Enrolado como un "orgánico" con 25 años de militancia en el peronismo, Cano opina: "los sindicalistas hemos estado siempre a la altura de las circunstancias; eso podemos verlo, en nuestro caso, en cómo ha crecido el sector Comercio. Y tenemos en claro que hay que separar las cosas: por un lado está la defensa de los intereses de los trabajadores; por el otro, los peronistas somos muy orgánicos. Así nos creó Perón y eso nos ha dado muy buenos resultados".

Un mapa

Desde la CTA Tucumán, el secretario general, Salvador Agliano, con otra óptica sobre el movimiento obrero actual, apela a democratizar el sindicalismo. Para ello, dice, es necesario profundizar la democracia y la libertad sindical para habilitar la elección directa de los dirigentes de las organizaciones de segundo y tercer grado con el voto libre y secreto de los trabajadores, propiciar una modificación de la Ley 23551 de Asociaciones Sindicales y acatar las recomendaciones de la OIT, tratados internacionales, las resoluciones de la Corte Suprema de Justicia y cumplimentar lo que estipula el artículo 14bis de La Constitución Nacional.
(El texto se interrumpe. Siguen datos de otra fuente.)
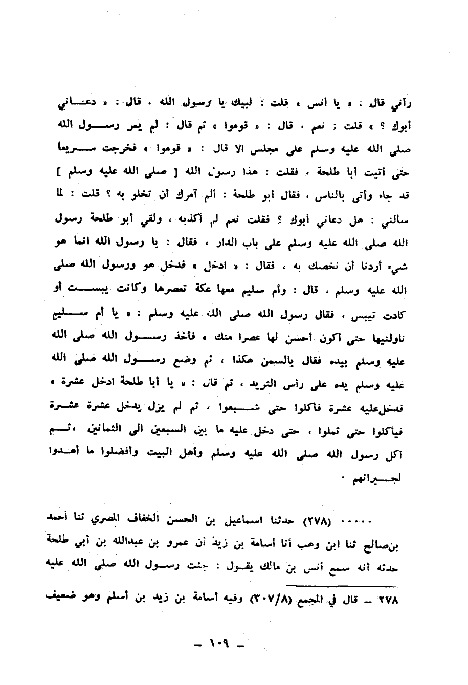 278 - حَدَّثَنَا إِسْمَاعِيلُ بْنُ الْحَسَنِ الْخَفَّافُ الْمِصْرِيُّ، ثنا أَحْمَدُ بْنُ صَالِحٍ، ثنا ابْنُ وَهْبٍ، أنا أُسَامَةُ بْنُ زَيْدٍ، أَنَّ عَمْرَو بْنَ عَبْدِ اللهِ بْنِ أَبِي طَلْحَةَ، حَدَّثَهُ أَنَّهُ، سَمِعَ أَنَسَ بْنَ مَالِكٍ، يَقُولُ: جِئْتُ رَسُولَ اللهِ صَلَّى اللهُ عَلَيْهِ وَسَلَّمَ -[110]- يَوْمًا، فَوَجَدْتُهُ جَالِسًا مَعَ أَصْحَابِهِ يُحَدِّثُهُمْ وَقَدْ عَصَبَ بَطْنَهُ عَلَى حَجَرٍ، فَقُلْتُ لِبَعْضِ أَصْحَابِهِ لِمَ عَصَبَ رَسُولُ اللهِ صَلَّى اللهُ عَلَيْهِ وَسَلَّمَ بَطْنَهُ؟ فَقَالَ: مِنَ الْجُوعِ، فَذَهَبْتُ إِلَى أَبِي طَلْحَةَ وَهُوَ زَوْجُ أُمِّ سُلَيْمٍ بِنْتِ مِلْحَانَ فَقُلْتُ: يَا أَبَتَاهُ قَدْ رَأَيْتُ رَسُولَ اللهِ صَلَّى اللهُ عَلَيْهِ وَسَلَّمَ قَدْ عَصَبَ بَطْنَهُ بِعِصَابَةٍ فَسَأَلْتُ بَعْضَ أَصْحَابِهِ، فَقَالَ: مِنَ الْجُوعِ، فَدَخَلَ أَبُو طَلْحَةَ عَلَى أُمِّي، فَقَالَ: هَلْ مِنْ شَيْءٍ؟ فَقَالَتْ: عِنْدِي كِسَرٌ مِنْ خُبْزٍ وَتَمَرَاتٌ فَإِنْ جَاءَ النَّبِيُّ صَلَّى اللهُ عَلَيْهِ وَسَلَّمَ أَشْبَعْنَاهُ، وَإِنْ جَاءَ مَعَهُ أَحَدٌ قَلَّ عَنْهُمْ، فَقَالَ أَبُو طَلْحَةَ: اذْهَبْ يَا أَنَسُ فَقُمْ قَرِيبًا مِنْ رَسُولِ اللهِ، فَإِذَا قَامَ فَادْعُهُ حَتَّى يَتَفَرَّقَ أَصْحَابُهُ وَمَنْ مَعَهُ حَتَّى إِذَا قَامَ عَلَى عَتَبَةِ بَابِهِ، فَقُلْ: أَبِي يَدْعُوكَ فَفَعَلْتُ ذَلِكَ، فَلَمَّا قُلْتُ أَبِي يَدْعُوكَ قَالَ لِأَصْحَابِهِ: يَا هَؤُلَاءِ تَعَالَوْا ثُمَّ أَخَذَ بِيَدِي فَشَدَّهَا وَأَقْبَلَ بِأَصْحَابِهِ حَتَّى إِذَا دَنَوْا مِنْ بَيْتِنَا أَرْسَلَ يَدِي، فَدَخَلْتُ وَأَنَا حَزِينٌ لِكَثْرَةِ مَنْ جَاءَ مَعَهُ، فَقُلْتُ: يَا أَبَتَاهُ قَدْ قُلْتُ لِرَسُولِ اللهِ الَّذِي قُلْتَ لِي فَدَعَا أَصْحَابَهُ فَقَدْ جَاءَكَ بِهِمْ فَخَرَجَ أَبُو طَلْحَةَ إِلَيْهِمْ، فَقَالَ: يَا رَسُولَ اللهِ إِنَّمَا أَرْسَلْتُ أَنَسًا يَدْعُوكَ وَحْدَكَ وَلَمْ يَكُ عِنْدِي مَا يُشْبِعُ مَنْ أَرَى، فَقَالَ رَسُولُ اللهِ صَلَّى اللهُ عَلَيْهِ وَسَلَّمَ: «§ادْخُلْ فَإِنَّ اللهَ عَزَّ وَجَلَّ سَيُشْبِعُهُمْ بِمَا عِنْدَكَ» ، فَدَخَلَ مَعِي رَسُولُ اللهِ صَلَّى اللهُ عَلَيْهِ وَسَلَّمَ، فَقَالَ: «اجْمَعُوا مَا كَانَ عِنْدَكُمْ، ثُمَّ قَرِّبُوهُ» ، وَجَلَسَ مَنْ كَانَ عِنْدَهُ بِالسُّدَّةِ، وَقَرَّبْتُ مَا كَانَ عِنْدَنَا مِنْ خُبْزٍ وَتَمْرٍ، فَجَعَلْنَاهُ عَلَى حَصِيرِنَا فَدَعَا فِيهِ بِالْبَرَكَةِ، ثُمَّ قَالَ: «أَدْخِلْ عَلَيَّ ثَمَانِيَةً» ، فَأَدْخَلْتُ عَلَيْهِ ثَمَانِيَةً وَجَعَلَ كَفَّهُ فَوْقَ الطَّعَامِ، فَقَالَ: «كُلُوا وَسَمُّوا اللهَ» ، فَأَكَلُوا مِنْ بَيْنِ أَصَابِعِهِ حَتَّى شَبِعُوا ثُمَّ أَمَرَنِي فَأَدْخَلْتُ ثَمَانِيَةً، وَقَامَ الْأَوَّلُونَ فَفَعَلْتُ، فَدَخَلُوا فَأَكَلُوا حَتَّى شَبِعُوا، ثُمَّ أَمَرَنِي فَأَدْخَلْتُ ثَمَانِيَةً، فَمَا زَالَ عَلَى ذَلِكَ حَتَّى دَخَلَ ثَمَانُونَ رَجُلًا كُلُّهُمْ يَأْكُلُ حَتَّى يَشْبَعَ، ثُمَّ دَعَانِي وَدَعَا أُمِّي وَأَبَا طَلْحَةَ فَقَالَ: «كُلُوا» ، فَأَكَلْنَا حَتَّى شَبِعْنَا ثُمَّ رَفَعَ يَدَهُ فَقَالَ: «يَا أُمَّ سُلَيْمٍ أَيْنَ هَذَا مِنْ طَعَامِكِ حِينَ قَدَّمْتِيهِ» قَالَتْ: بِأَبِي أَنْتَ وَأُمِّي، لَوْلَا أَنِّي رَأَيْتُهُمْ يَأْكُلُونَ لَقُلْتُ: مَا نَقَصَ مِنْ طَعَامِنَا شَيْءٌ "
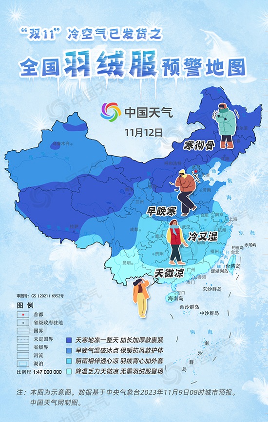 11月12日,冷空气继续向南渗透,需羽绒服出场的区域扩展至江南南部一带。像长沙,12日的最高气温将跌至9℃,是时候穿上羽绒马甲了。内蒙古东部、山西北部、陕西北部及新疆的一些地方随着气温下降,也将天寒地冻一整天,出门需裹紧长款加厚羽绒服。

En diálogo con LA GACETA, Agliano traza su propio mapa sobre el sindicalismo de las tres últimas décadas en la Argentina. Recuerda que en los ’90 Carlos Menem, para poner en marcha su proyecto privatizador, propició la ruptura de la CGT Azopardo que conducía Saúl Ubaldini. "De la mano de Luis Barrionuevo y los ’gordos’ conformaron la CGT San Martín, que acompañó el proceso neoliberal que provocó la devastación del Estado de Bienestar. En el 2001 coexistían - por un lado- con algunas coincidencias- el MTA, sector crítico de la CGT, conducido por Hugo Moyano. y la CTA, nueva central sindical independiente liderada por Víctor De Gennaro. Como contracara y acompañando la gestión del gobierno, nuevamente ’los gordos’ tomaban esa posta para seguir respaldando el modelo encabezado por De la Rúa y Cavallo. Actualmente, la CTA ratifica el rumbo fijado desde su constitución en 1992, propicia la unidad en acción para hacer frente al ajuste con la CGT de Moyano y con todos los sectores del campo popular, mientras ’los gordos’ siguen fieles a su postura oportunista", grafica Agliano.